The Australian miner on Wednesday returned just ahead of a UK Takeover Panel deadline with a third and “final” offer — already rejected by Anglo. The 9 per cent bump, to a share ratio of 0.886 BHP shares for each of Anglo’s, was a modest one. Given the same complex structure — which offers Anglo investors part of the deal consideration via the spin outs of its listed platinum and iron ore subsidiaries in South Africa — not much has changed.
For a start, what BHP meant by its “final offer ratio” was unclear. The language came with a footnote suggesting that BHP “reserves the right to increase and/or otherwise improve the Final Offer Ratio if” a better offer comes along from another party or with the agreement of the Anglo board. If BHP meant that the price, value and structure of its offer would not be changing, it should have said so categorically — and been compelled to by the UK takeover watchdog.
That would lock BHP into a deal structure that the Anglo board has been clear it finds unacceptable, because it leaves its investors exposed to unknown risks and costs in separating the company.
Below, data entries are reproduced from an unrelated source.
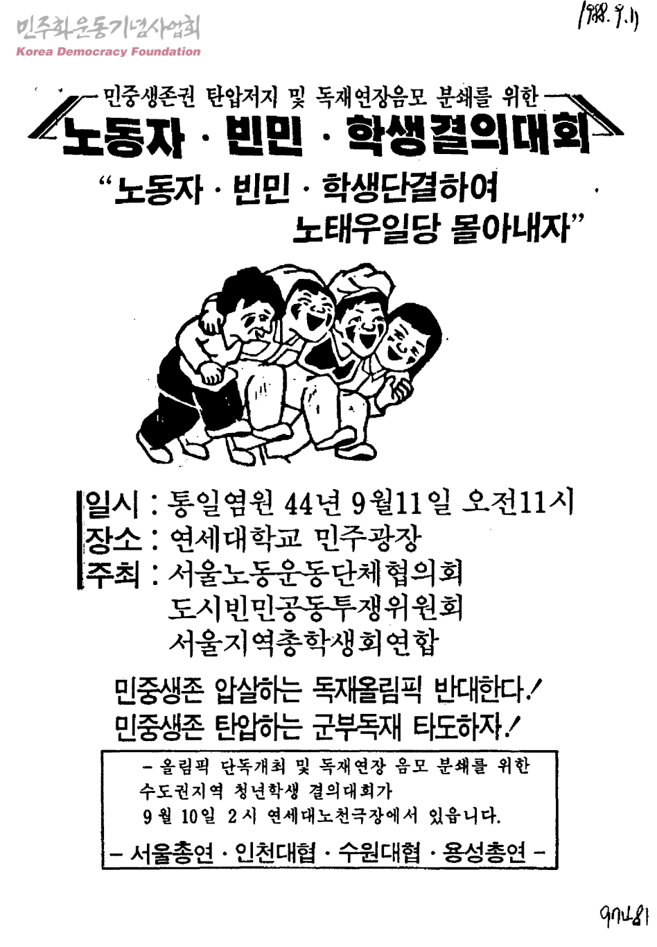 민중생존권 탄압저지 및 독재연장음모 분쇄를 위한 노동자ㆍ빈민ㆍ학생결의대회-노동자ㆍ빈민ㆍ학생단결하여 노태우일당 몰아내자
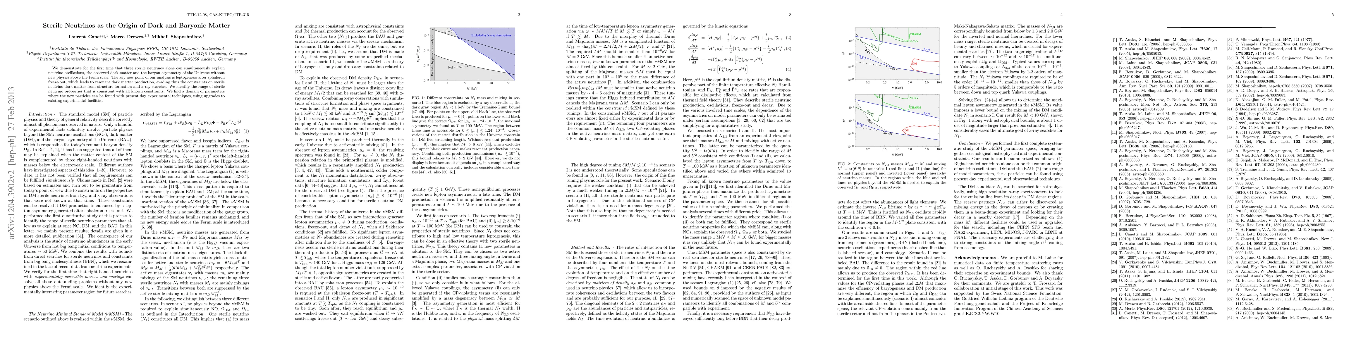 This paper proposes that three sterile neutrinos can account for neutrino oscillations, dark matter, and the observed baryon asymmetry without requiring physics beyond the Standard Model. It introduces a novel leptogenesis mechanism post sphaleron freeze-out, allowing for resonant dark matter production and suggesting a parameter range consistent with experimental constraints, with potential for detection via upgrades to current experimental setups.
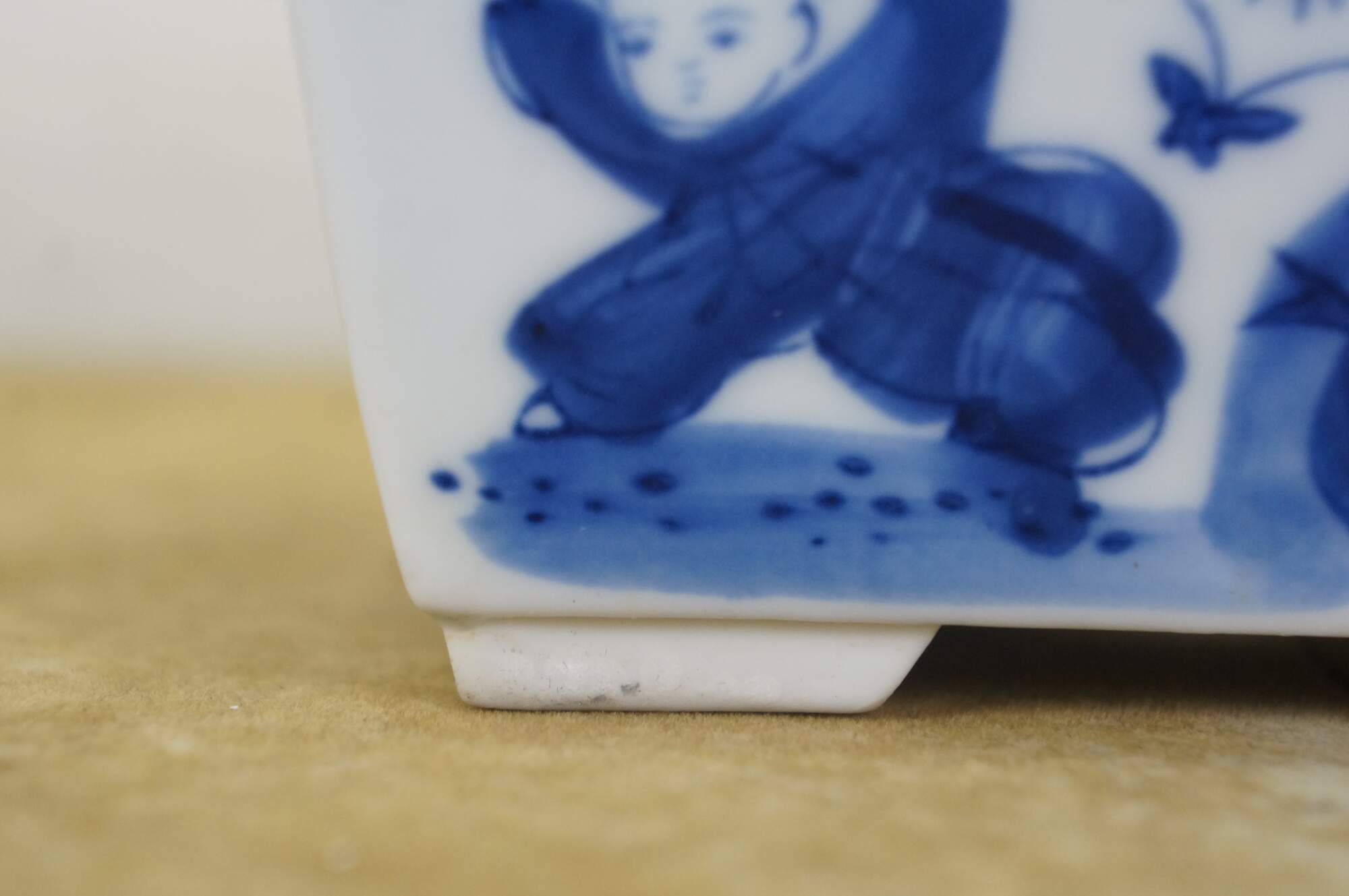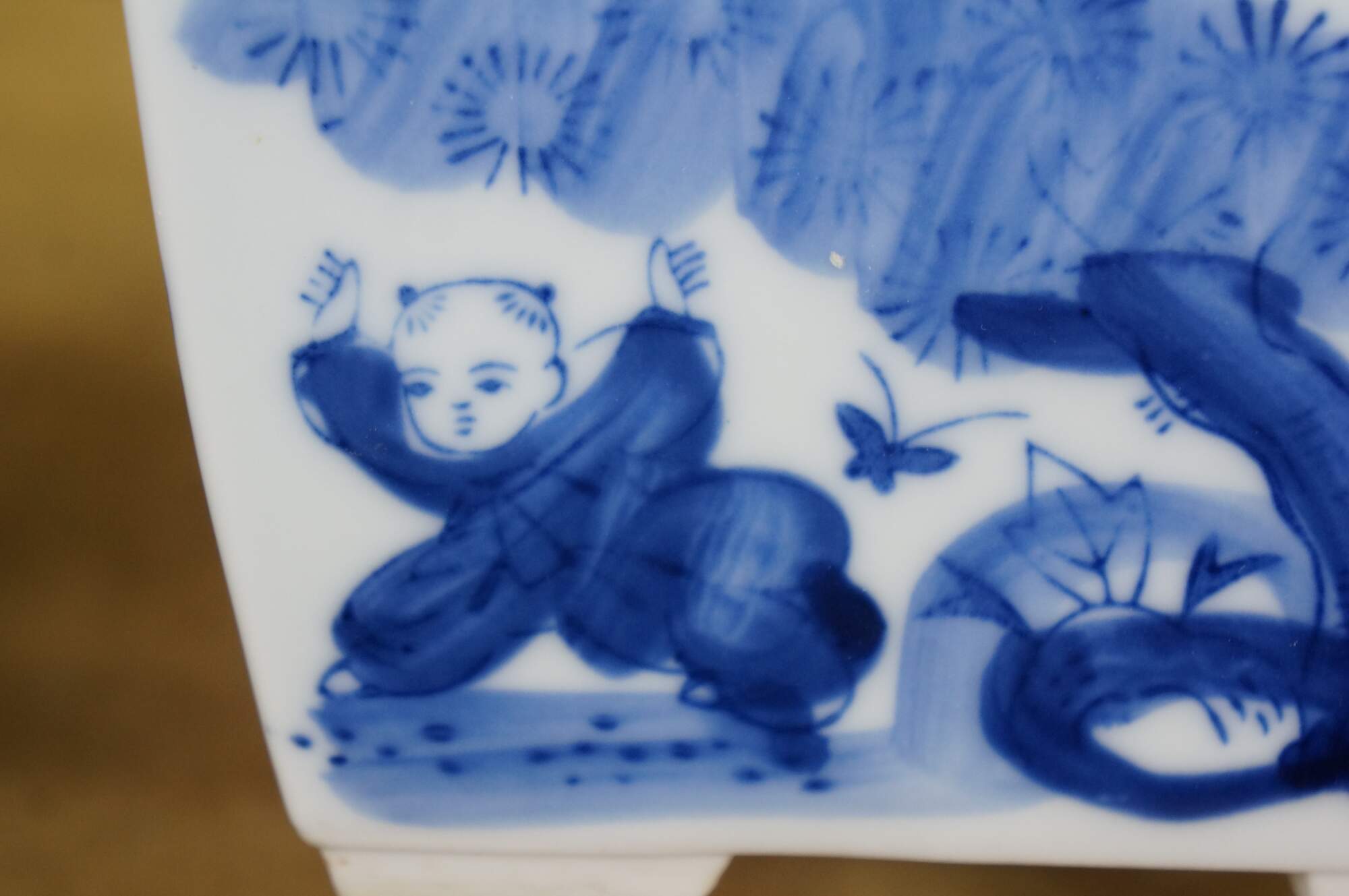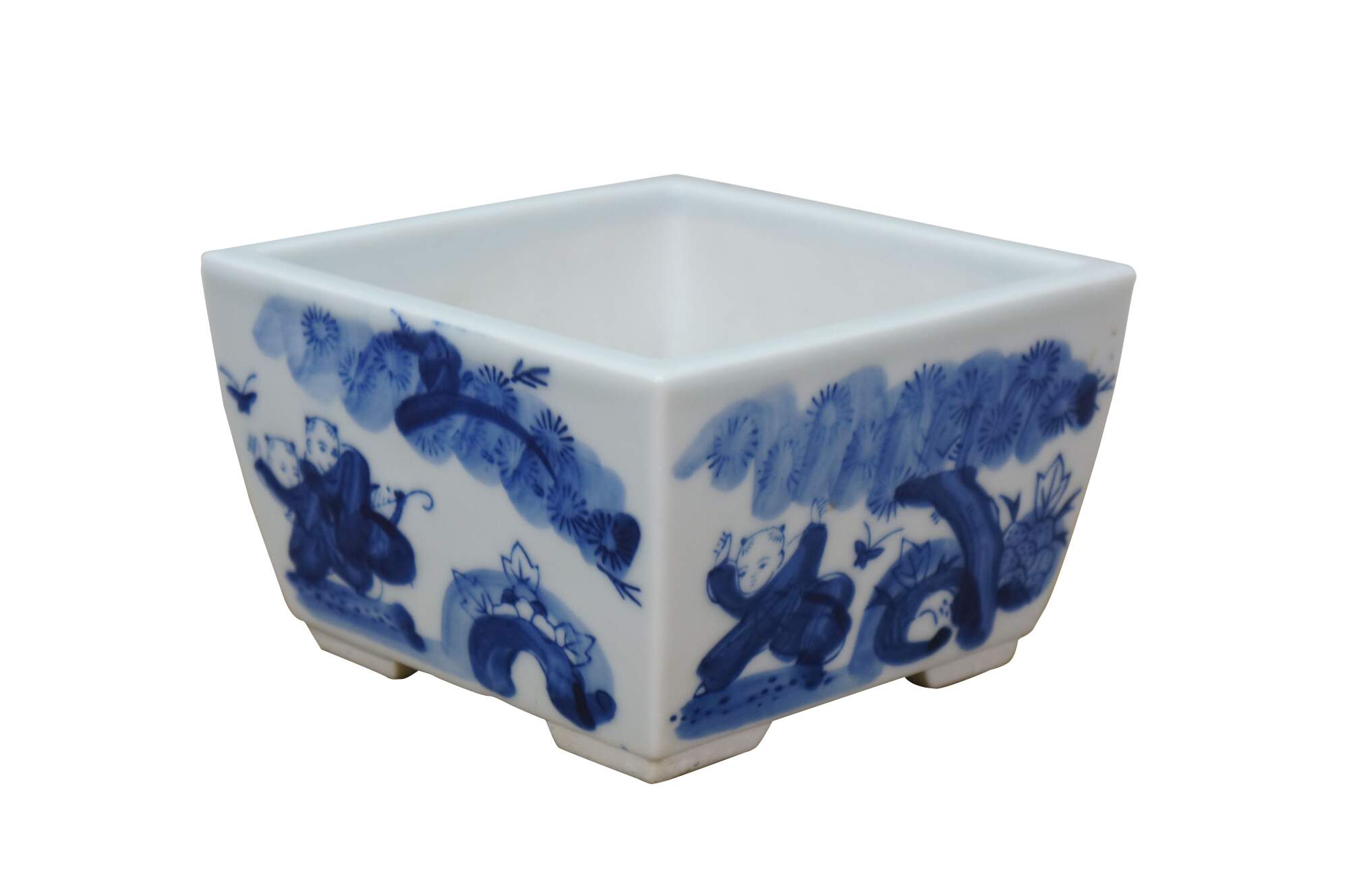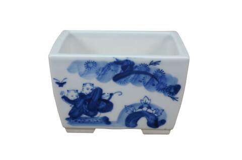 Circa early to mid 20th century Showa period Japanese imari porcelain bonsai bowl / planter. Square form with feet at corners and drain hole, hand painted in blue with scenes of children playing in a garden.

The deal, worth about £38.6 billion, is pitched at a 49 per cent to where Anglo’s shares closed before the first approach became public.
That premium, at least, has been enough to generate some interaction between the two sides: an extension to the Takeover Panel’s deadline will allow a week of duelling over how to mitigate the “risks and value impact” of BHP’s proposal. BHP argues that Anglo has handled this sort of restructuring before. Anglo counters that easy to do is easy to say.
The share prices tell a story. Anglo’s fluttered briefly before dipping modestly, despite the higher offer. BHP’s London share price slid 4 per cent, after climbing all month. Meanwhile, Anglo’s second-largest shareholder South Africa’s state-owned Public Investment Corporation had earlier in the day demanded a “meaningful revision” to BHP’s previous proposal — something the latest effort arguably doesn’t meet.
The word “final” is generally held sacrosanct in UK takeovers, a standard that this announcement failed to meet. Still, the outcome appears to be another week of wrangling over now well-known issues — most likely, with the same end result.